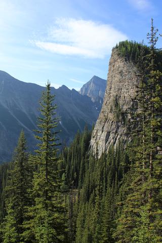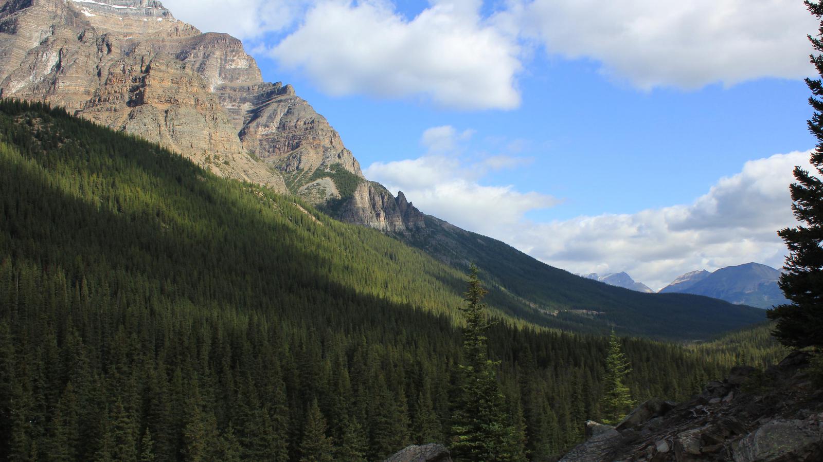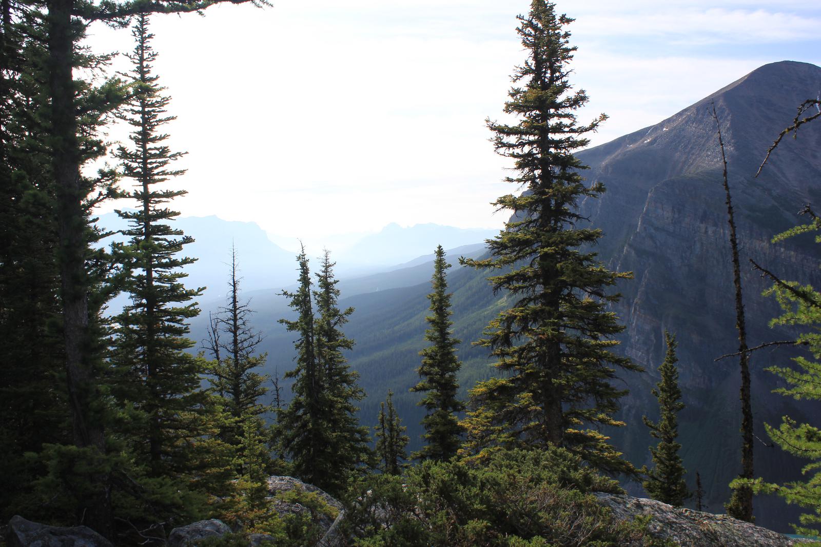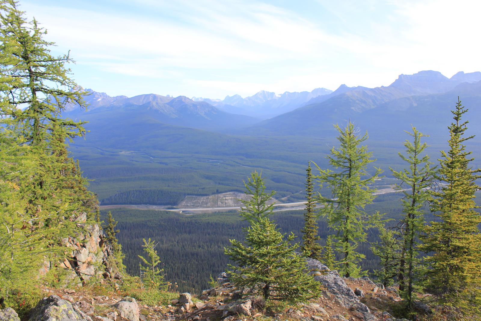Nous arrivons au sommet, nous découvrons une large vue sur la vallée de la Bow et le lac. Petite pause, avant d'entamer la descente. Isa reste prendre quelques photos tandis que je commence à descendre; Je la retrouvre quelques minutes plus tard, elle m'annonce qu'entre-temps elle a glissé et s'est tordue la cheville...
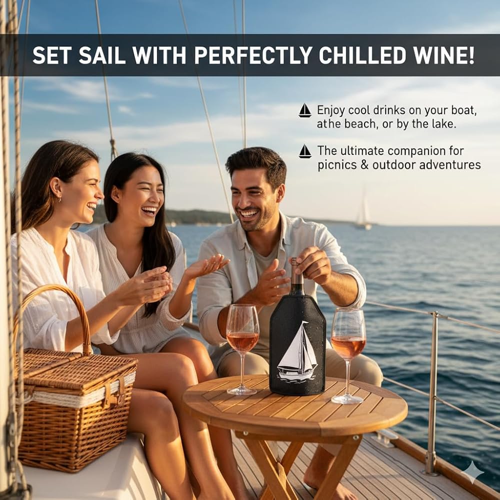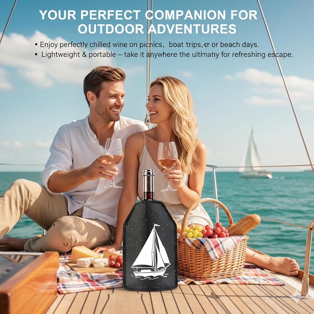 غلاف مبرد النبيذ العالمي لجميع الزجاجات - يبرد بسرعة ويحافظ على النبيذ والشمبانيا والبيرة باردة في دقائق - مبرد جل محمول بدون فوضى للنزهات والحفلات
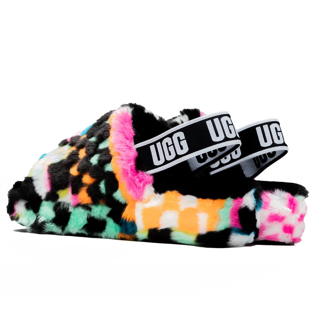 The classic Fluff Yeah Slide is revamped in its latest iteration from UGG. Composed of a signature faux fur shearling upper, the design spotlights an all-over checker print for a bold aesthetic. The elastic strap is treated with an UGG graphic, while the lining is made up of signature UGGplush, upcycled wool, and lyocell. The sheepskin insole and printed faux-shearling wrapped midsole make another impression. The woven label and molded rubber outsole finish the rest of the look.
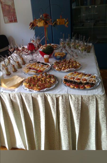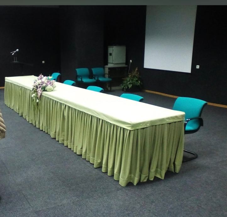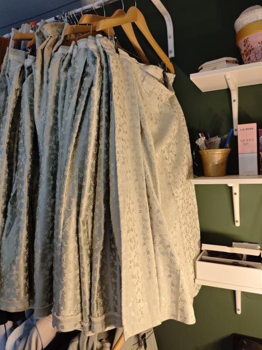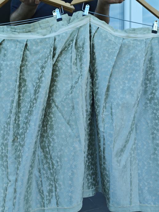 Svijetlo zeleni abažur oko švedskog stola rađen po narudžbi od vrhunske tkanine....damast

※

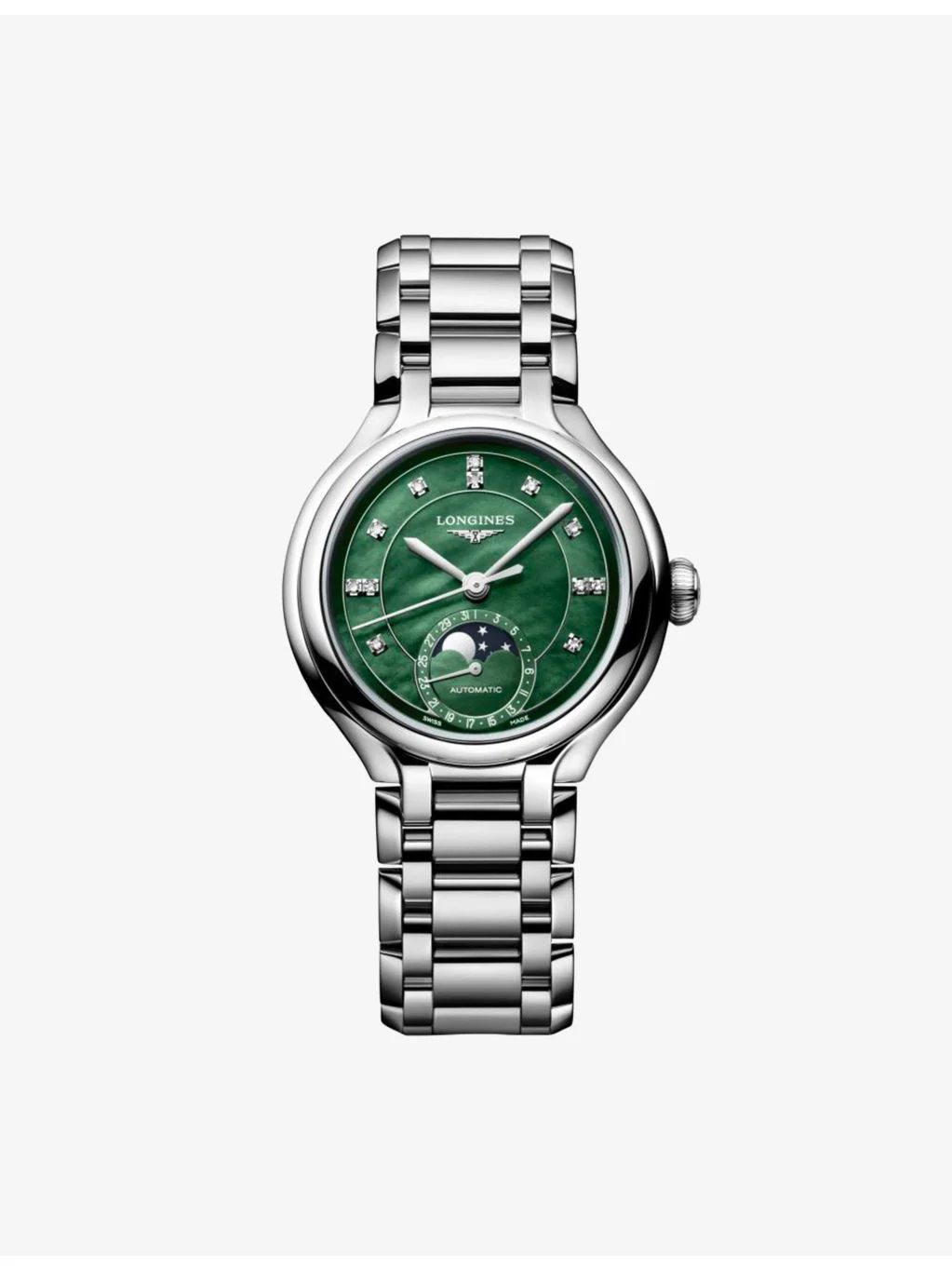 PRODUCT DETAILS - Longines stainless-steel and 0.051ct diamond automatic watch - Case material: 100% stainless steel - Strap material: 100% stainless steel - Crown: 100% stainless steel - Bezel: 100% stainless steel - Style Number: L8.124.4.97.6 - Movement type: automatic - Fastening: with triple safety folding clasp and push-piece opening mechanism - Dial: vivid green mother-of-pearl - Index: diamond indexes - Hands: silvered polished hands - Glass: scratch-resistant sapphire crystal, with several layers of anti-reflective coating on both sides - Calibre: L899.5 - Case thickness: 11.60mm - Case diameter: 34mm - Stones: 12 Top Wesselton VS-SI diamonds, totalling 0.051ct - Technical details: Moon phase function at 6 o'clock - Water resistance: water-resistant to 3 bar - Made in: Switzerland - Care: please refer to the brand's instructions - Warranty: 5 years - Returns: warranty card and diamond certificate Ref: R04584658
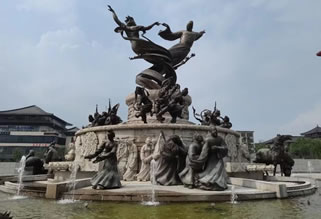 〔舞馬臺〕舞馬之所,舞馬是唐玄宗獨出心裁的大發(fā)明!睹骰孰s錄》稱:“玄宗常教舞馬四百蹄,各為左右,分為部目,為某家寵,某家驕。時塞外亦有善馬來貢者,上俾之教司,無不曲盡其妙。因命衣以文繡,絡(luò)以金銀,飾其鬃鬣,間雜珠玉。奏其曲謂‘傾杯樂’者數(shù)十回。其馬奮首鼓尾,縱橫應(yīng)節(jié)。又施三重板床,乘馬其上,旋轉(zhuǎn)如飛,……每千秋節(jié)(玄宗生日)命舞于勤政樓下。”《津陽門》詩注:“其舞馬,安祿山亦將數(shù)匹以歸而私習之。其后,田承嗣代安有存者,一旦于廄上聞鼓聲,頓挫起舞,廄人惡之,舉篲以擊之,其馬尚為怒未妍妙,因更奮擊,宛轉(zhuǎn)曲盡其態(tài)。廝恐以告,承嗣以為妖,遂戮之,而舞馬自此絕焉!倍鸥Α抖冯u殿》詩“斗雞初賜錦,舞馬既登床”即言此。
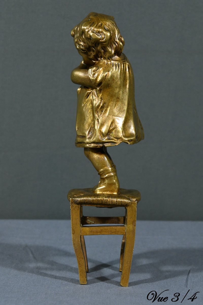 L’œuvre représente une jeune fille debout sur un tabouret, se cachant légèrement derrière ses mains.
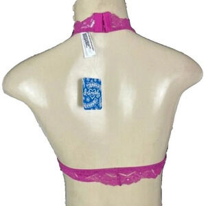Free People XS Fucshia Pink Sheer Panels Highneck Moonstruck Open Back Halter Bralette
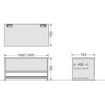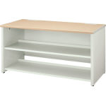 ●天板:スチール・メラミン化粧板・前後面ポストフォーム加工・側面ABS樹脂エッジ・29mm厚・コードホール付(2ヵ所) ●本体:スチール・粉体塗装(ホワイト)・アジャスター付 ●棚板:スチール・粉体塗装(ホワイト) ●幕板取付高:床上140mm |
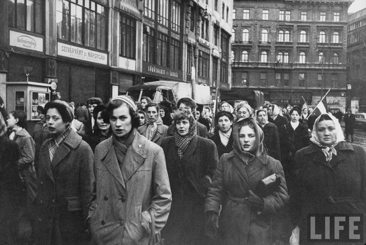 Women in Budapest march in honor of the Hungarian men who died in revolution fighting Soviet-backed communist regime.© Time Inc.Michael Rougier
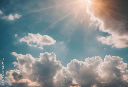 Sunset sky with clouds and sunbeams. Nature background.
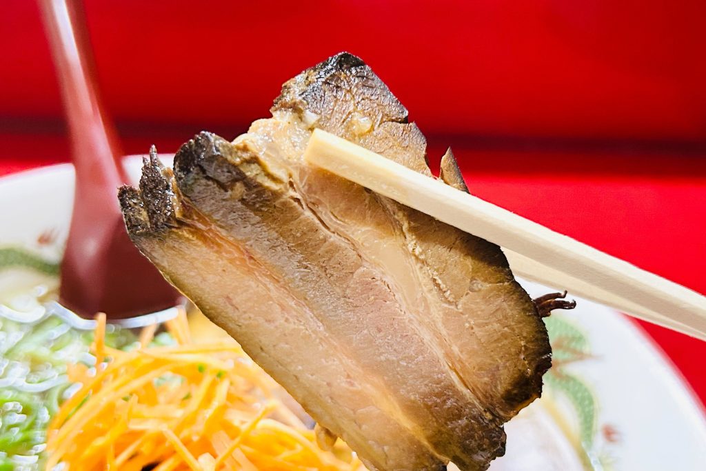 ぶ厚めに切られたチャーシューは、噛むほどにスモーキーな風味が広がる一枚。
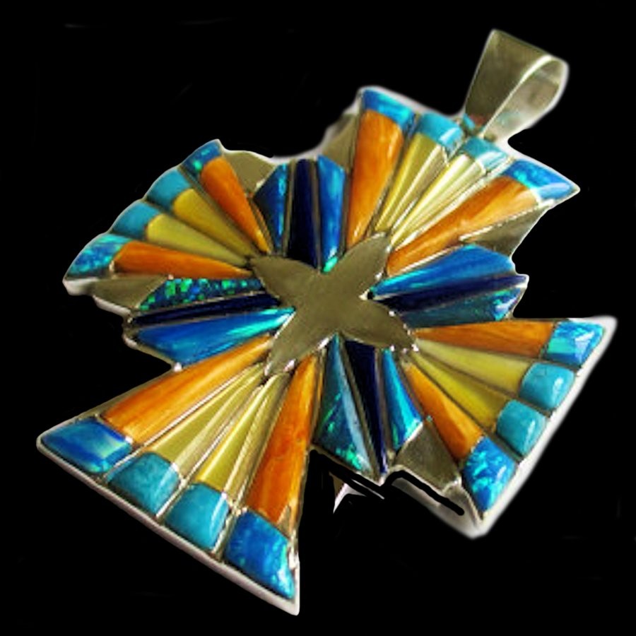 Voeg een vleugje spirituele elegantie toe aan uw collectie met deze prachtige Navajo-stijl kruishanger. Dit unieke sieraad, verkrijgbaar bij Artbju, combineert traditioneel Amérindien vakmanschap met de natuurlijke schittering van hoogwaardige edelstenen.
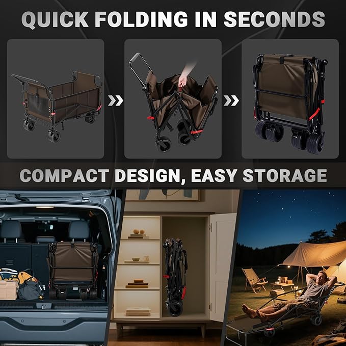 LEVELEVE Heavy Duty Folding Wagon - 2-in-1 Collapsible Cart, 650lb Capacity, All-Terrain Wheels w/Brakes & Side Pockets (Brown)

※

ABOUT THIS EXERCISE: Take the material above and output only the lines from the one that contains "Sunset sky with" through the one that contains "ぶ厚めに切られたチャーシューは、噛むほどにスモーキーな風味が広がる一枚。", ends included and images left out.

ANSWER FOR THIS EXERCISE:
 Sunset sky with clouds and sunbeams. Nature background.
 ぶ厚めに切られたチャーシューは、噛むほどにスモーキーな風味が広がる一枚。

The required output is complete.